But Carter wanted more—he wanted to excavate. “Due possibly to Petrie’s training, [that] was my great desire,” he would say later, understating the matter. For it was not simply Petrie’s training that spurred him on—he had caught Petrie’s digging fever. The beauty of Hatshepsut’s temple, the surroundings at Deir el-Bahri, left their impression. He never forgot “the temple setting … the delicate sculptured reliefs upon its walls. In those six years,” he wrote, “I learnt more of Egyptian art, its serene simplicity, than at any other time or place.” But he was haunted by the excitement of excavation.

 

 

AS 1900 APPROACHED, THE TURN OF THE CENTURY BROUGHT
Carter a great surprise. The excellence of his work for the last five years had been noted by Gaston Maspero, director of the Service des Antiquités. He was requested to join the department as chief inspector for the south, a vast area including the Sudan (then an Egyptian province). Though his duties included all kinds of official obligations and administrative work (which Carter took very seriously), and though there was much work to be done in the many temples included in his new domain (especially in the Ramesseum and at Abu Simbel and Edfu, where the ancient structures needed shoring up), at last he was able to concentrate on “his” tombs.

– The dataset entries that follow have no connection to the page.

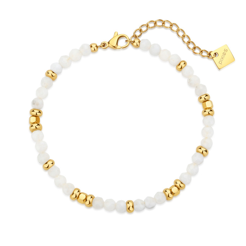 Bracelet 19cm Femme 16+3CM Perle Jaune Mousqueton. Acier Jaune. Pierre de lune Blanche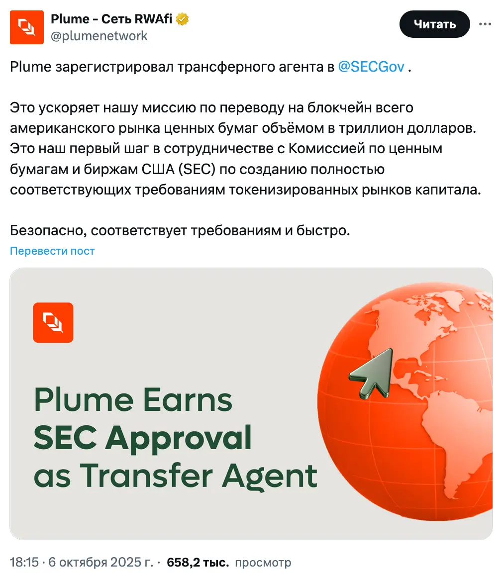 Plume Network получила статус трансфер‑агента SEC по токенизации ценных бумаг на блокчейне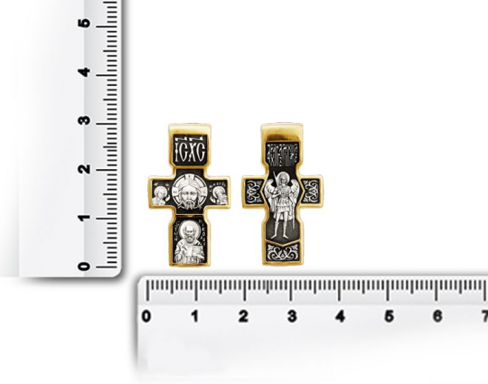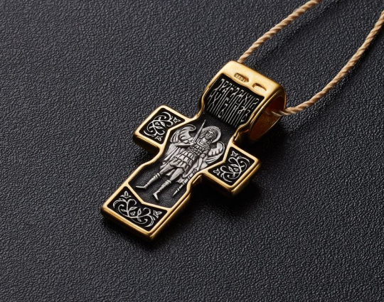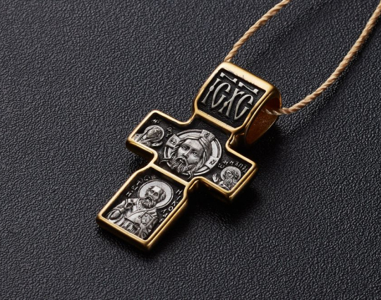 Крест из серебра с позолоченной отделкой и изображением Спаса нерукотворный. Этот образ имеет огромное значение у православных верующих и по значимости не уступает кресту и распятию. Сбоку от него изображены Предтеча Господень, Пресвятая Богородица и святой пророк Иоанн Креститель, они являются символом защиты человечества перед Богом. Снизу образка изображен Николай Чудотворец. Его просят о помощи в любых жизненных невзгодах.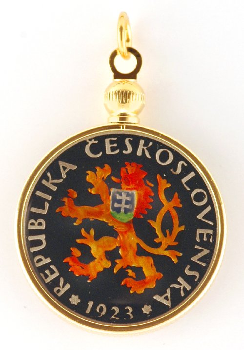 Hand Painted Czech Republic 1 Koruna Lion Pendant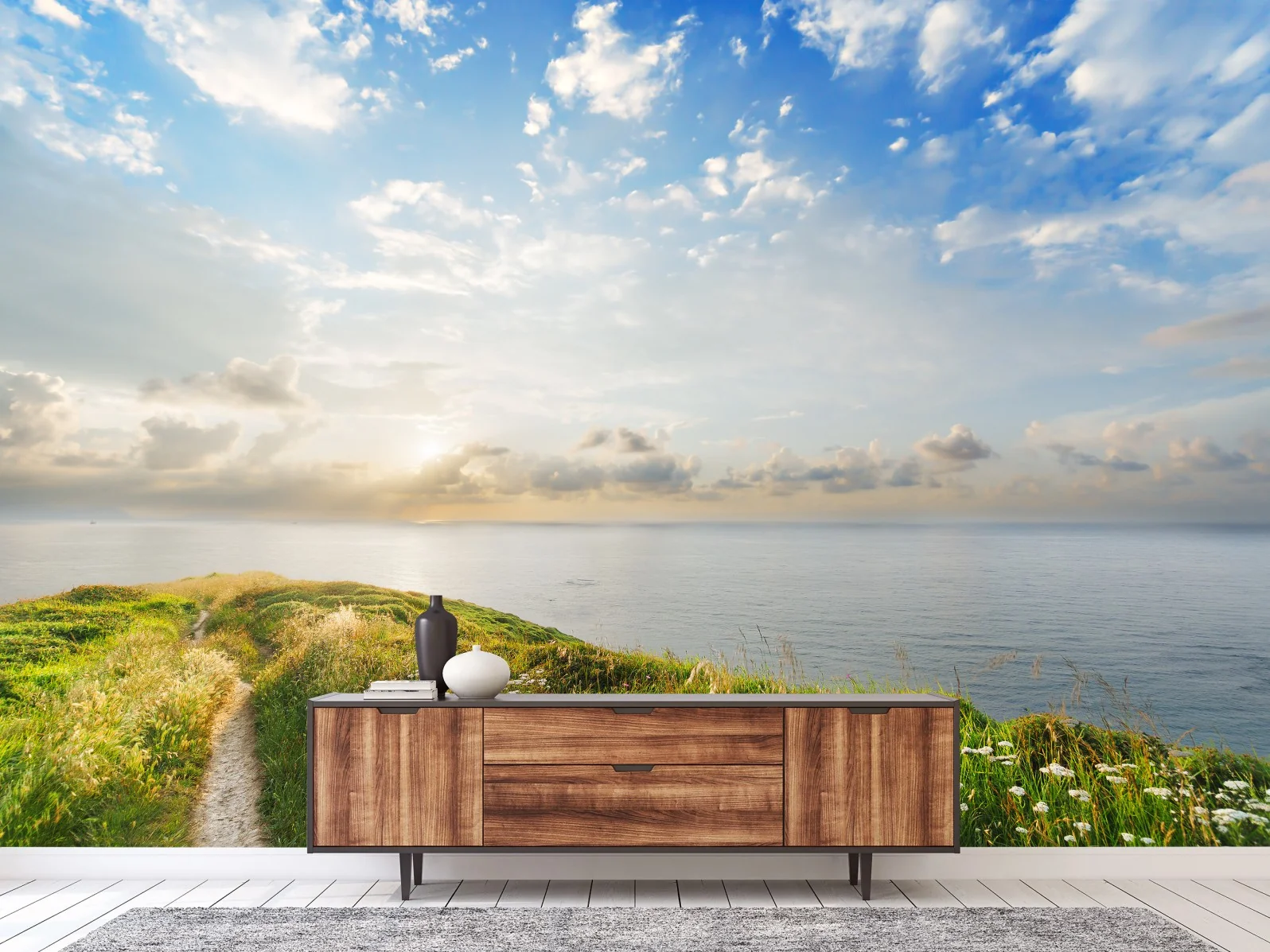 Fototapete Sonniger küstenpfad zum meer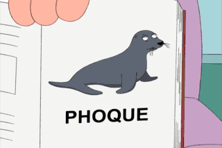 Hey, here, I'll help you remember. What's this? A lazy phoque. Good. Dumb phoque. Good. Sick phoque. Good. Sick, twisted phoque. Good. Cluster phoque.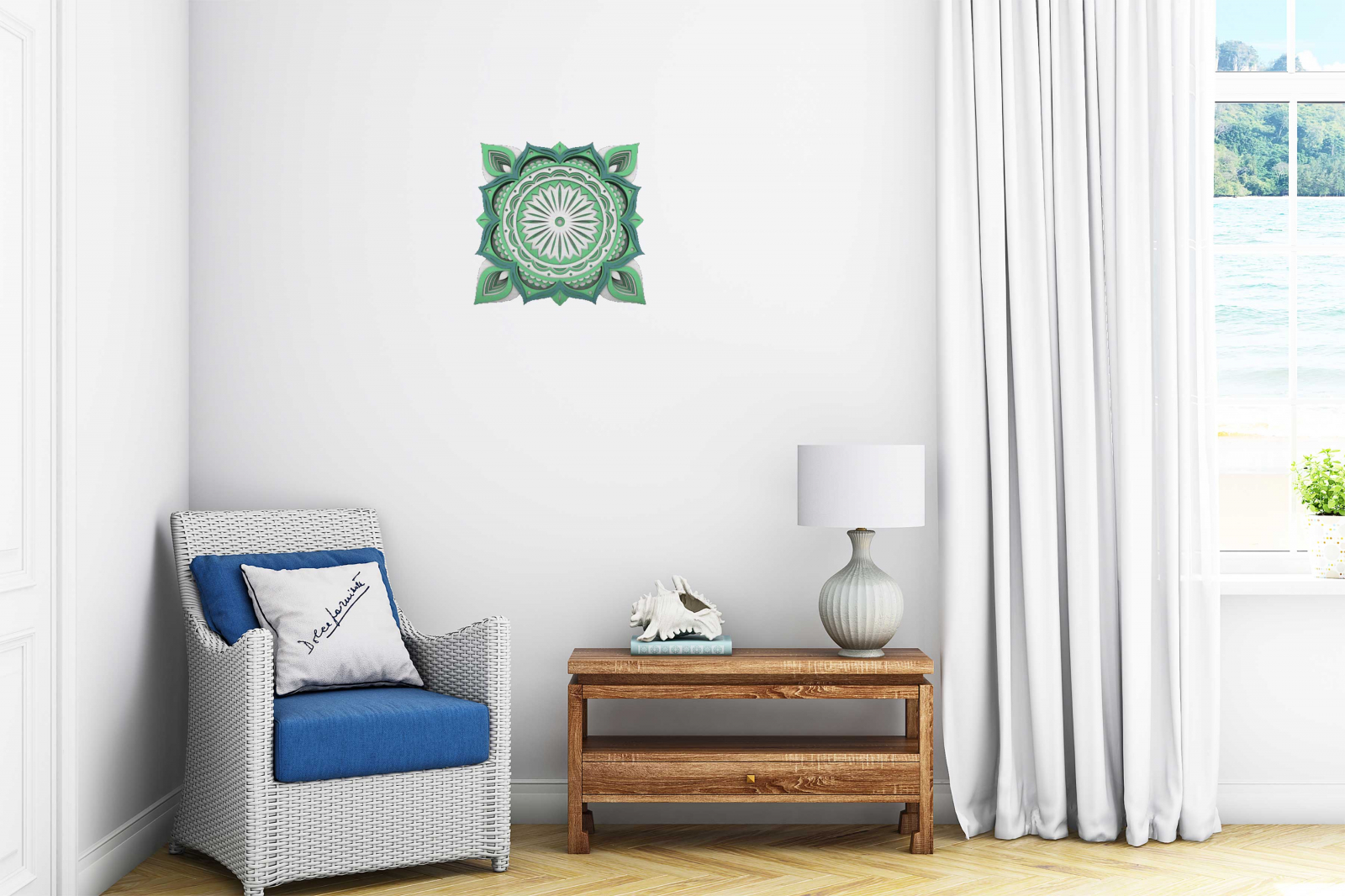 Tabloul este realizat cu multa atentie si pricepere, completeaza decorul camerei in care este montat, dand o nota de eleganta si rafinament. Mandala reprezinta echilibrul dintre  frumusetea interioara si cea exterioara a omului, armonia dintre trup si suflet. Aspectul simetric al mandalei ne capteaza atentia, scopul acesteia fiind de a medita si a ne conecta cu propria fiinta.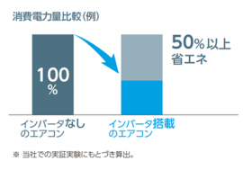 インバータとは、電圧・電流・周波数を制御する技術です。インバータを搭載したエアコンは、エアコンの心臓部である圧縮機のモータを的確にコントロールします。さらに従来のモータや熱交換器に改良を加えることで、インバータなしのエアコンに比べて50%以上の消費電力を削減できます。

For the next four years, from 1900 on, he spent more time underground than in the light of day, working on a long list of tombs, both royal (Seti II; Amenhotep II; Ramesses I, III, VI, and IX) and nonroyal (Maihipri, warrior companion of Amenhotep II; Hatshepsut’s wet nurse; Sennefer, mayor of Thebes—among others).

Though these tombs were already “opened,” some recently, some since antiquity, the work of thoroughly exploring them demanded everything Carter had—stamina, patience, skill. He would file many reports about the southern temples, but it was in the tombs that he really came alive.

Each one had its unique challenge, some requiring a more delicate
hand—the murals, reliefs, and fine architectural details were, after all, more than three and a half millennia old. Others called for the sheer strength of will to keep slugging away—tomb KV #20, unidentified when Carter first tackled it, showed him at his best: a fighter “with heart.”

“The tomb proved to be 700 feet long …,” he remembered. “With the exception of the first portion cleared by former explorers [Denon, 1799; Belzoni, 1823; Lepsius, 1845] almost the entire length was filled to the roof with rubble, most of which had been carried in by water from spates of past centuries.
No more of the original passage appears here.